** Opening EXTRACTED ENTRIES block **

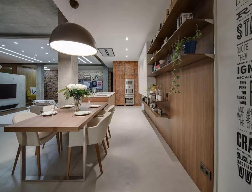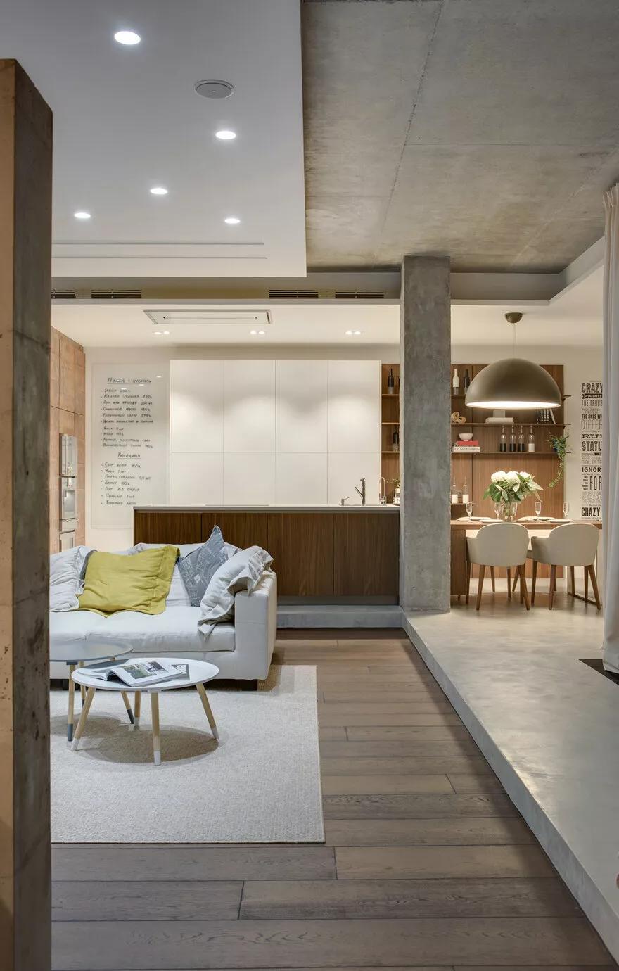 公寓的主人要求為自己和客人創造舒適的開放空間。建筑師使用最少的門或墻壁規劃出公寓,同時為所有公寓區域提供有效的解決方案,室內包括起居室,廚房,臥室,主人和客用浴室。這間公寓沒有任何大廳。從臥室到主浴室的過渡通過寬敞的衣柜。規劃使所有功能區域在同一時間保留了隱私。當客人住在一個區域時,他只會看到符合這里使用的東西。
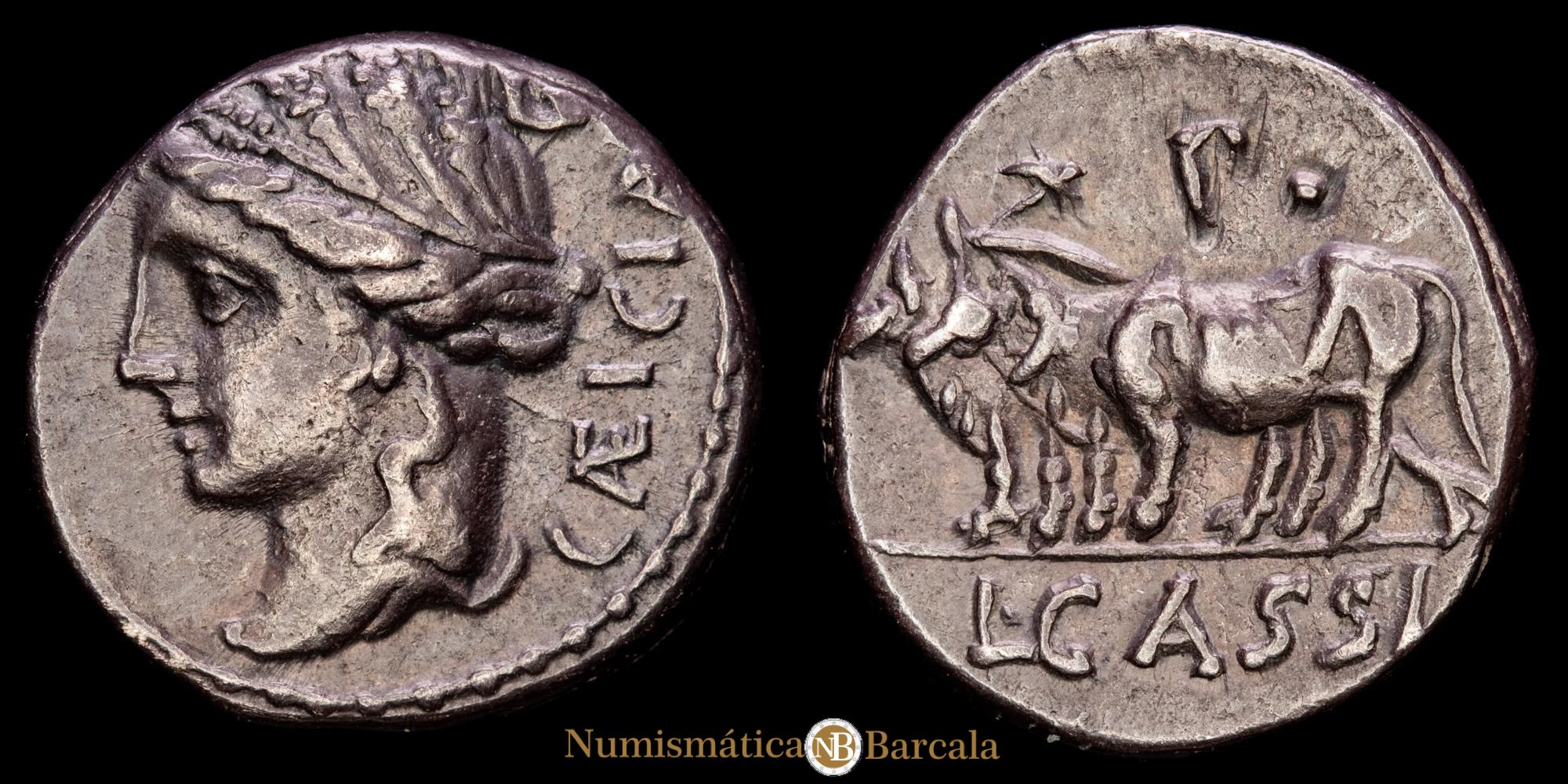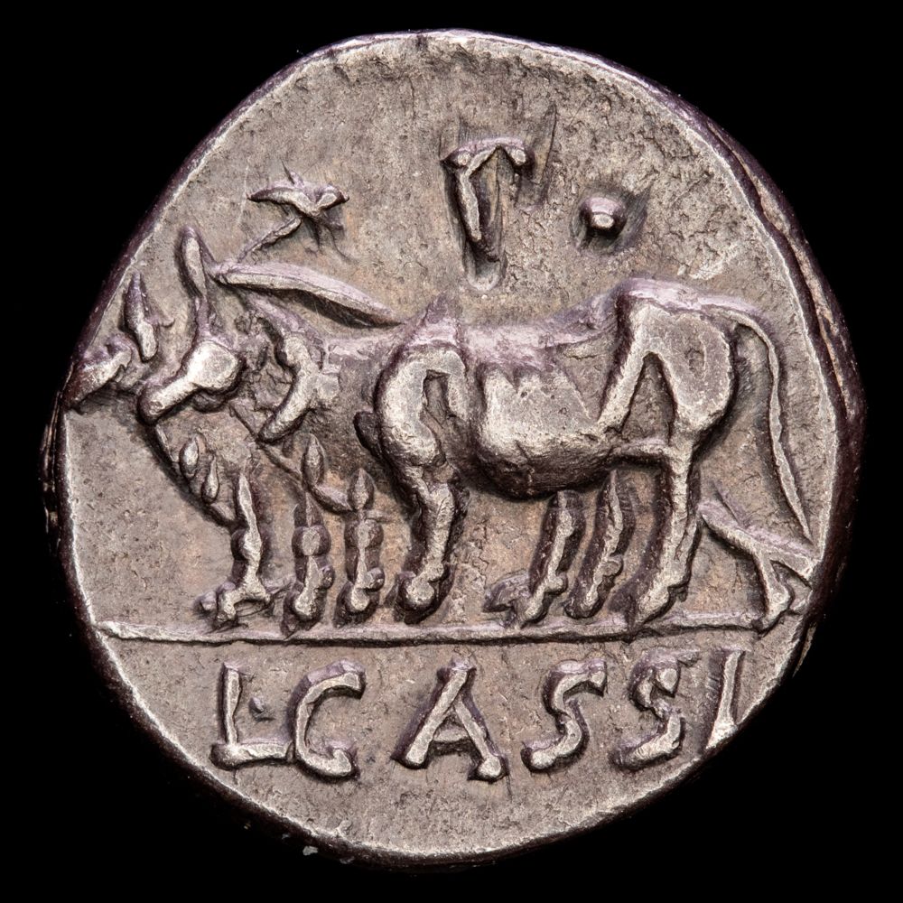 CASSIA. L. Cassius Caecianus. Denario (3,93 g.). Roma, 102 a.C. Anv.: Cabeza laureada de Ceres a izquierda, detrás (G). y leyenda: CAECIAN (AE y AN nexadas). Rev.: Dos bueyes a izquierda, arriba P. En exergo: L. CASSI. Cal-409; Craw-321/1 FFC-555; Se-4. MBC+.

** Closing EXTRACTED ENTRIES block **
** Opening EXTRACTED ENTRIES block **

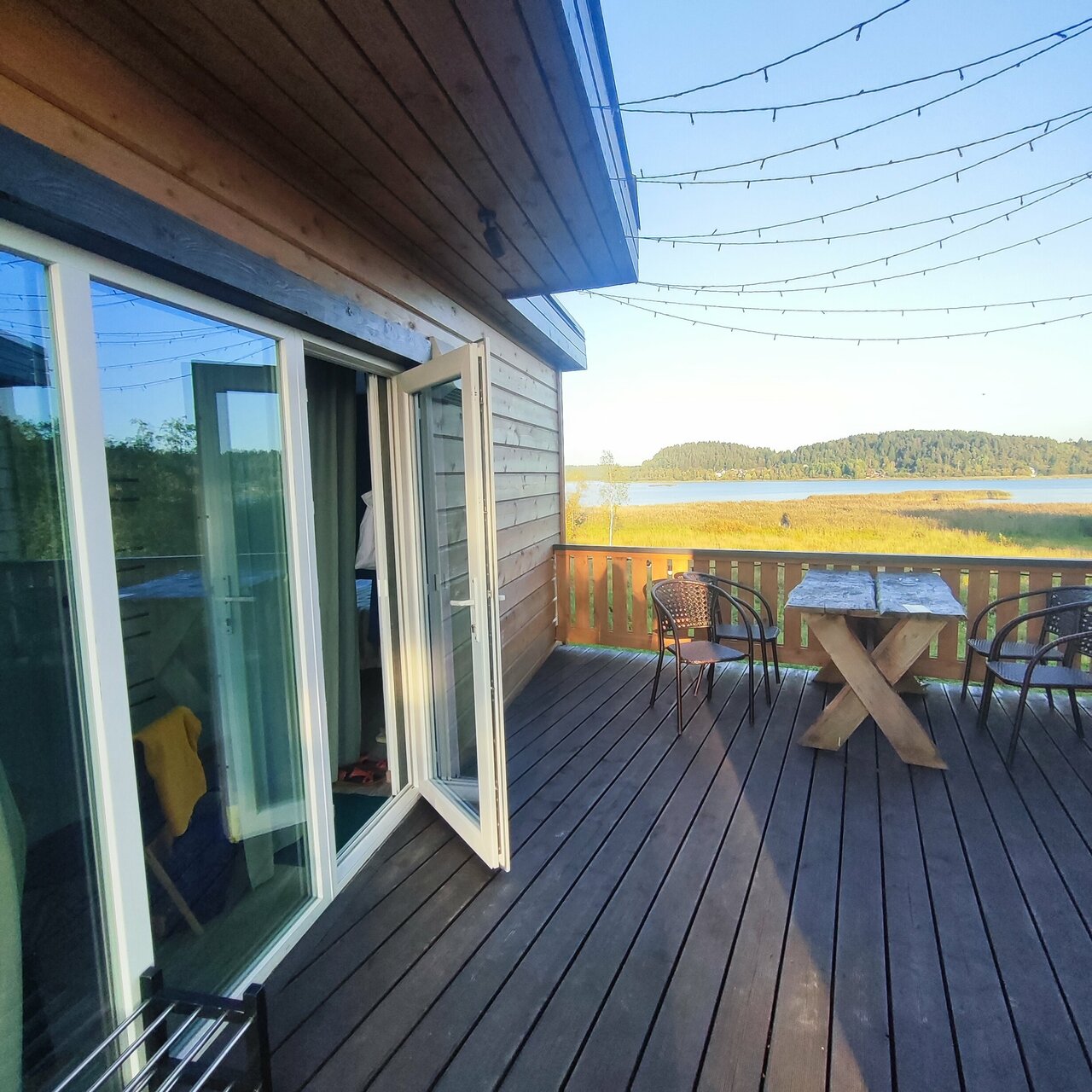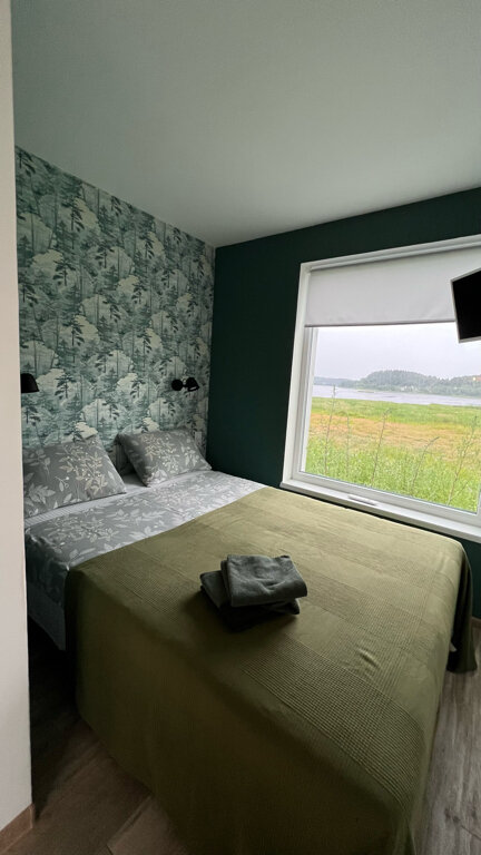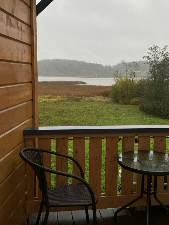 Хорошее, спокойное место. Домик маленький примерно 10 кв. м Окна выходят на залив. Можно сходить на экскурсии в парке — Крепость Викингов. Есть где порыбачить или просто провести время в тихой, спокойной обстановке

** Closing EXTRACTED ENTRIES block **
** Opening EXTRACTED ENTRIES block **

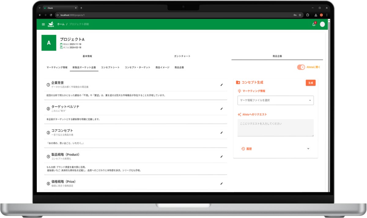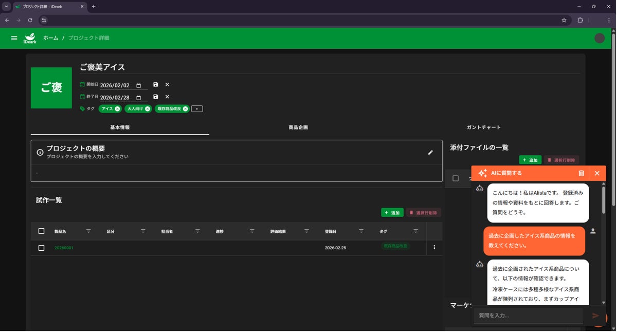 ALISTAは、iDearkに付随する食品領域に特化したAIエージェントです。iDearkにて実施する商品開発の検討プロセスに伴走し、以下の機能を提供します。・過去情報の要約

** Closing EXTRACTED ENTRIES block **

▸ **WHAT TO WORK ON**: Between and including the line above that contains "公寓的主人要求為自己和客人創" and the line that contains "CASSIA. L. Cassius", restate every line word for word. Pictures stay out.

▸ **EXERCISE RESPONSE**:
 公寓的主人要求為自己和客人創造舒適的開放空間。建筑師使用最少的門或墻壁規劃出公寓,同時為所有公寓區域提供有效的解決方案,室內包括起居室,廚房,臥室,主人和客用浴室。這間公寓沒有任何大廳。從臥室到主浴室的過渡通過寬敞的衣柜。規劃使所有功能區域在同一時間保留了隱私。當客人住在一個區域時,他只會看到符合這里使用的東西。
 CASSIA. L. Cassius Caecianus. Denario (3,93 g.). Roma, 102 a.C. Anv.: Cabeza laureada de Ceres a izquierda, detrás (G). y leyenda: CAECIAN (AE y AN nexadas). Rev.: Dos bueyes a izquierda, arriba P. En exergo: L. CASSI. Cal-409; Craw-321/1 FFC-555; Se-4. MBC+.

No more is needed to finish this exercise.